Going down the data below, set down exactly the line with "Nel pomeriggio di" and each line after it through the line with "Vintrina vintage de"; no other lines.
RECORDS PROVIDED START
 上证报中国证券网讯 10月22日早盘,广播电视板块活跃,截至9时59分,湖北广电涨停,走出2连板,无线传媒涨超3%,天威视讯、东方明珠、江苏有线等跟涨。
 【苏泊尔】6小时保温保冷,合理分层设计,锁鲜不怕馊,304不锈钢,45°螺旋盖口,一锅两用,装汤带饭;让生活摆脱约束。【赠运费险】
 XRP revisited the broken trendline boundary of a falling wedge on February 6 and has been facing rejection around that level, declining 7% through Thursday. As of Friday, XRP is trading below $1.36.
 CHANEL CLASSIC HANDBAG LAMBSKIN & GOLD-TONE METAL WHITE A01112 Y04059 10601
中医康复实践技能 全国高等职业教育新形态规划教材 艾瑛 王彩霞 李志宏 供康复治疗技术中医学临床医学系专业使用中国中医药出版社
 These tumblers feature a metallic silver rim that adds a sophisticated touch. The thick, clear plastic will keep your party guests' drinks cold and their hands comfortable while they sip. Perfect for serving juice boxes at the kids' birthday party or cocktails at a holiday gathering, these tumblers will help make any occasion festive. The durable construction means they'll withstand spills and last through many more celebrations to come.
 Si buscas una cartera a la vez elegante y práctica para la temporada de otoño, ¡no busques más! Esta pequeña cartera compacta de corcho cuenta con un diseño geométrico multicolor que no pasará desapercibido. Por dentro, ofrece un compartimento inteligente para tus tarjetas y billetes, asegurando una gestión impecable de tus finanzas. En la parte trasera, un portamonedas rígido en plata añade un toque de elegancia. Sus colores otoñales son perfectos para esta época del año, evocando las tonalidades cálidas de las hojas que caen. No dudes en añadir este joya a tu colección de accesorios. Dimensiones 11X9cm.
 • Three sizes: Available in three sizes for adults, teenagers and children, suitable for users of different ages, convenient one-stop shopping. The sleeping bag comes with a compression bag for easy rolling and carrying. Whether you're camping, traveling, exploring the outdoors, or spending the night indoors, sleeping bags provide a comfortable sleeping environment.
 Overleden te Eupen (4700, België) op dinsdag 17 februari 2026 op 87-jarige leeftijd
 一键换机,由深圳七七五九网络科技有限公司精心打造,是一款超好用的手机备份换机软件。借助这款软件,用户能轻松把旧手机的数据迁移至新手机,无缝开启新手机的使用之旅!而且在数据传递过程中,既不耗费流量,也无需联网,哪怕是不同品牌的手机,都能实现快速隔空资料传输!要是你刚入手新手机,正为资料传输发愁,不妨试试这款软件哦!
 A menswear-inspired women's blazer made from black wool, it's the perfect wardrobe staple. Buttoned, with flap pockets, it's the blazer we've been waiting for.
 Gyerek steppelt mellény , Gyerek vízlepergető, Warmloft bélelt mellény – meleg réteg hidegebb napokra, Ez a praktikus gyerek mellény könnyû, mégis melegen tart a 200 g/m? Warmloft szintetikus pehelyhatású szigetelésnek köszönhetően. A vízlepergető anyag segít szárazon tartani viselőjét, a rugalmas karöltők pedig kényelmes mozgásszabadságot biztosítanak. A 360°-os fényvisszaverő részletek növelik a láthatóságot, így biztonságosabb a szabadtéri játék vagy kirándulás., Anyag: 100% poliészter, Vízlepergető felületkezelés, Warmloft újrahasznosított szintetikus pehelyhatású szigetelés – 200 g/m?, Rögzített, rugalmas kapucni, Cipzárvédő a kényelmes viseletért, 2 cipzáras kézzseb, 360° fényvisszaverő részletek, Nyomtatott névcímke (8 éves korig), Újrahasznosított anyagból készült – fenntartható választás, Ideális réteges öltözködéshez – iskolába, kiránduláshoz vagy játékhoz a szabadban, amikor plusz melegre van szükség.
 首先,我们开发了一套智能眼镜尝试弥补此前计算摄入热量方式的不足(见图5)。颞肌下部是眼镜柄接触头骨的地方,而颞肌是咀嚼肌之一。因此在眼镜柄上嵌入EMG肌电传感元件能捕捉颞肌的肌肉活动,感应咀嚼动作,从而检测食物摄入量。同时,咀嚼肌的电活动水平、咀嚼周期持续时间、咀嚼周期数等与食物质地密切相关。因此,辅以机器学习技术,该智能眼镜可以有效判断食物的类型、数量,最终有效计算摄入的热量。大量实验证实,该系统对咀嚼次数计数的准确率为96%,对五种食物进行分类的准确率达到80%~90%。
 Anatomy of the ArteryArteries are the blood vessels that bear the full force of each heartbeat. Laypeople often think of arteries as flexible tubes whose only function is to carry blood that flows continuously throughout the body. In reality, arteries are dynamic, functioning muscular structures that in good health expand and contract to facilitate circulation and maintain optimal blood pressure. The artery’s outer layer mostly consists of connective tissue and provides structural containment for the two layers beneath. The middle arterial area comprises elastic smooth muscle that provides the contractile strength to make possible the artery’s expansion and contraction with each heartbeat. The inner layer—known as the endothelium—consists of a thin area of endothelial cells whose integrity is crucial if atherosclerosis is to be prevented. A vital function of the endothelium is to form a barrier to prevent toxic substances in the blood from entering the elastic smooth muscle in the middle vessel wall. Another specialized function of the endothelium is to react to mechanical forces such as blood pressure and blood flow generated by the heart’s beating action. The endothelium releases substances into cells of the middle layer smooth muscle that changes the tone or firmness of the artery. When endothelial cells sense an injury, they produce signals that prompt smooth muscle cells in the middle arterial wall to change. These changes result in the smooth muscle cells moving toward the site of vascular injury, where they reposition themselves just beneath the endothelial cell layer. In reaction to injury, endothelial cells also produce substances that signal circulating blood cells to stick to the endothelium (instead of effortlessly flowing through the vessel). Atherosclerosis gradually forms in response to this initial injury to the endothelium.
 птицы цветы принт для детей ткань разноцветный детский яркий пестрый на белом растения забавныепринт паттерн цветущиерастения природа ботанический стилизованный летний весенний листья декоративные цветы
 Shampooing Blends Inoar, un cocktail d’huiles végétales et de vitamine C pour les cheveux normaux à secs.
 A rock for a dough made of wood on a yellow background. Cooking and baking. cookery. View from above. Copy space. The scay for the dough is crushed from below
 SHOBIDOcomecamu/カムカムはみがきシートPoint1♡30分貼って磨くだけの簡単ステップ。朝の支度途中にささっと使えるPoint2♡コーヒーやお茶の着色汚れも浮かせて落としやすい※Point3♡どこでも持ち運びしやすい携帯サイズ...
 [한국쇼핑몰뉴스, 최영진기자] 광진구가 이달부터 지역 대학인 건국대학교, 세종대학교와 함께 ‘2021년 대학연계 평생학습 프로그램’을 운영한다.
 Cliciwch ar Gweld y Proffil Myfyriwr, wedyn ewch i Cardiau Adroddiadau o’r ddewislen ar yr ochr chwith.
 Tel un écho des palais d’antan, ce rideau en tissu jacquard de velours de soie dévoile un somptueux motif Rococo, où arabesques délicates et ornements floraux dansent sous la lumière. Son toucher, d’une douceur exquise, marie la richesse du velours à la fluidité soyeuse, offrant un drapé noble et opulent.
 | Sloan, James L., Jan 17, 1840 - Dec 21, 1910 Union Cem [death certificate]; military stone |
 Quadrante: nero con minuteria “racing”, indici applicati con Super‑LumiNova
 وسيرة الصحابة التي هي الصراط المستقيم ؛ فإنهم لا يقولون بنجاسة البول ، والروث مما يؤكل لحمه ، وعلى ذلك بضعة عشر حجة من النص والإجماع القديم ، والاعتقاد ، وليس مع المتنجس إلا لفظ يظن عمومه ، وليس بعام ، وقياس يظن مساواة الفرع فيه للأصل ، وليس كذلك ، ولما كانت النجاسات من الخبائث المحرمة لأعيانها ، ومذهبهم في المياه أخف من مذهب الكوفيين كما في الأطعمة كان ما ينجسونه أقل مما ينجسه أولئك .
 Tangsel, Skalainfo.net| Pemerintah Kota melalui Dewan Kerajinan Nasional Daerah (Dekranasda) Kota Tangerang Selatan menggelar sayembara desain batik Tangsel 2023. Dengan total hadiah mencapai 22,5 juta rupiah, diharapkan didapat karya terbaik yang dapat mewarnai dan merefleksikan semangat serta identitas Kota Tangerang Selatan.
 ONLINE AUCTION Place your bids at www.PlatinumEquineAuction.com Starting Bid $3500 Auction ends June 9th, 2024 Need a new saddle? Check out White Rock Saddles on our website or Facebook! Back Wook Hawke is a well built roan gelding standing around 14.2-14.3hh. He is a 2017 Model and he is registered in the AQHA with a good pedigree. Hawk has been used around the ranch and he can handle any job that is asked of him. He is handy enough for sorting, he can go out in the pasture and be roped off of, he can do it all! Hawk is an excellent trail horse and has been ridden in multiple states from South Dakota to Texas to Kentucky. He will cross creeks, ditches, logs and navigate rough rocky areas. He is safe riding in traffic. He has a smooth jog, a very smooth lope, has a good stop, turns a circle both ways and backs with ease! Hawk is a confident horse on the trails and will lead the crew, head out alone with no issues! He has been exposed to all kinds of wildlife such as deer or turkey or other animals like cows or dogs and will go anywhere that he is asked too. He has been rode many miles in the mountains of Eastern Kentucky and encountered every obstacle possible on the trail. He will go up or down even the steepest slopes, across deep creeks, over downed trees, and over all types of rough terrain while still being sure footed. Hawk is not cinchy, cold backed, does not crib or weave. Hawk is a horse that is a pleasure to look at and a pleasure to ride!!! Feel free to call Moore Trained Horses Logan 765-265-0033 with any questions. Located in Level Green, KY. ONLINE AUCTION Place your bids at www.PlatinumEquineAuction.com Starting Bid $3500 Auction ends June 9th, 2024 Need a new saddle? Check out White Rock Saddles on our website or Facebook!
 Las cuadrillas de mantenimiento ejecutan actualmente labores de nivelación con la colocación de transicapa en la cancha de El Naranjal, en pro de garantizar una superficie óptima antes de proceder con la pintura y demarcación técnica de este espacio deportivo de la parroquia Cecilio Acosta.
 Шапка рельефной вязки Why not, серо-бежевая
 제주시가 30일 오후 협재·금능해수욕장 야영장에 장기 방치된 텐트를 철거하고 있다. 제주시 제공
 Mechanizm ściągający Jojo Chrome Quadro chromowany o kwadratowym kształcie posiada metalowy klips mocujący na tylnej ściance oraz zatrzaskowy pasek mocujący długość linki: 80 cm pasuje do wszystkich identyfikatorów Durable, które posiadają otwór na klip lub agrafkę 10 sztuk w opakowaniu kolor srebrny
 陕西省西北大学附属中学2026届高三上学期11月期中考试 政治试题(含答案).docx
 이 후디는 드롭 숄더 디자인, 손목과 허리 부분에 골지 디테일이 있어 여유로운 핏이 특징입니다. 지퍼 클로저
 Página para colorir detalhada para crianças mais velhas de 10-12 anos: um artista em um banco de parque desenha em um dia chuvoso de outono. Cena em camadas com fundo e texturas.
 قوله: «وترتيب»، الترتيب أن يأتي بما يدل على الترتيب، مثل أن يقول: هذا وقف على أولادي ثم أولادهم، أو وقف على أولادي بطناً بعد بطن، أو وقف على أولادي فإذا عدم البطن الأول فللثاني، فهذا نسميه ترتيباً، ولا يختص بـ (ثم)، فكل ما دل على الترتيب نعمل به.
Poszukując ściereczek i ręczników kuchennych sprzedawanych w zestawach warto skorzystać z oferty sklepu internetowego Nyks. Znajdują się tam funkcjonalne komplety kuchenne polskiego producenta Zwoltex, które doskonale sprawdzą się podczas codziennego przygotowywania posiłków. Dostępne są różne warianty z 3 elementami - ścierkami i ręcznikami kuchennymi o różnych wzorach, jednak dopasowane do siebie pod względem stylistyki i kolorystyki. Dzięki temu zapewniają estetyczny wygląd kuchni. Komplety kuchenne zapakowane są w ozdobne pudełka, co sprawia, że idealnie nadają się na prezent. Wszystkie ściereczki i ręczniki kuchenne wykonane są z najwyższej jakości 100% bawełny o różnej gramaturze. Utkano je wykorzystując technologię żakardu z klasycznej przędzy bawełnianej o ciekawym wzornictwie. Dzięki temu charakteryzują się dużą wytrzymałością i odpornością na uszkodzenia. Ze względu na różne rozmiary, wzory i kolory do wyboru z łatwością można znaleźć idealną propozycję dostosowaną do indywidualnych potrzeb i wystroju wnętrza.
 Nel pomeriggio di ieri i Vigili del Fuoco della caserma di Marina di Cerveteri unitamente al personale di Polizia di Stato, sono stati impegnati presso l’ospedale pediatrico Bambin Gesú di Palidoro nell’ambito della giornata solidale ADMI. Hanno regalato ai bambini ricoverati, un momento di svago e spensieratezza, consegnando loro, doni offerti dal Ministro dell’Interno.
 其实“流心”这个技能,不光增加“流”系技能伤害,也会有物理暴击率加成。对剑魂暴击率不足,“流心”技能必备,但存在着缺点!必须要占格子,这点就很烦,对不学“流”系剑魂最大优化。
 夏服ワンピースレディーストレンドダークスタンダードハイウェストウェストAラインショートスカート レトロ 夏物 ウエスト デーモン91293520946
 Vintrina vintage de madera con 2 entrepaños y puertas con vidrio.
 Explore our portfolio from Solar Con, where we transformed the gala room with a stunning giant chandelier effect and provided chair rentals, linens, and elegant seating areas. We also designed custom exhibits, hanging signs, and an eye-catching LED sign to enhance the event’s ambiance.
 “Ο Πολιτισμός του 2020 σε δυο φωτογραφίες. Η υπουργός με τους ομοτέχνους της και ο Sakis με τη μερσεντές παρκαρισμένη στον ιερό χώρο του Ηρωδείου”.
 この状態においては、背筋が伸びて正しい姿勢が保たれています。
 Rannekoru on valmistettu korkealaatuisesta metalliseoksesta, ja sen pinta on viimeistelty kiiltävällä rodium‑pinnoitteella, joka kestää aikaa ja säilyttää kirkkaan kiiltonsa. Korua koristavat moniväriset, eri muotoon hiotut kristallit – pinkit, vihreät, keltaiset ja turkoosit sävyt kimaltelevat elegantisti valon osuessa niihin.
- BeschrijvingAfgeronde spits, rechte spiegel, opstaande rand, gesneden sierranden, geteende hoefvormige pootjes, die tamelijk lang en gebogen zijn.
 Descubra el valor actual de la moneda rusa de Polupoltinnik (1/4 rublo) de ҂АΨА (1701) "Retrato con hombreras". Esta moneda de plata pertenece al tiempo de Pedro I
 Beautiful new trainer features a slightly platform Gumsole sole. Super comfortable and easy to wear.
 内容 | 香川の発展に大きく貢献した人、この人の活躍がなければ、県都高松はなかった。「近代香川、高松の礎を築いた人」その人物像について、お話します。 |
RECORDS PROVIDED END
### ANSWER
 Nel pomeriggio di ieri i Vigili del Fuoco della caserma di Marina di Cerveteri unitamente al personale di Polizia di Stato, sono stati impegnati presso l’ospedale pediatrico Bambin Gesú di Palidoro nell’ambito della giornata solidale ADMI. Hanno regalato ai bambini ricoverati, un momento di svago e spensieratezza, consegnando loro, doni offerti dal Ministro dell’Interno.
 其实“流心”这个技能,不光增加“流”系技能伤害,也会有物理暴击率加成。对剑魂暴击率不足,“流心”技能必备,但存在着缺点!必须要占格子,这点就很烦,对不学“流”系剑魂最大优化。
 夏服ワンピースレディーストレンドダークスタンダードハイウェストウェストAラインショートスカート レトロ 夏物 ウエスト デーモン91293520946
 Vintrina vintage de madera con 2 entrepaños y puertas con vidrio.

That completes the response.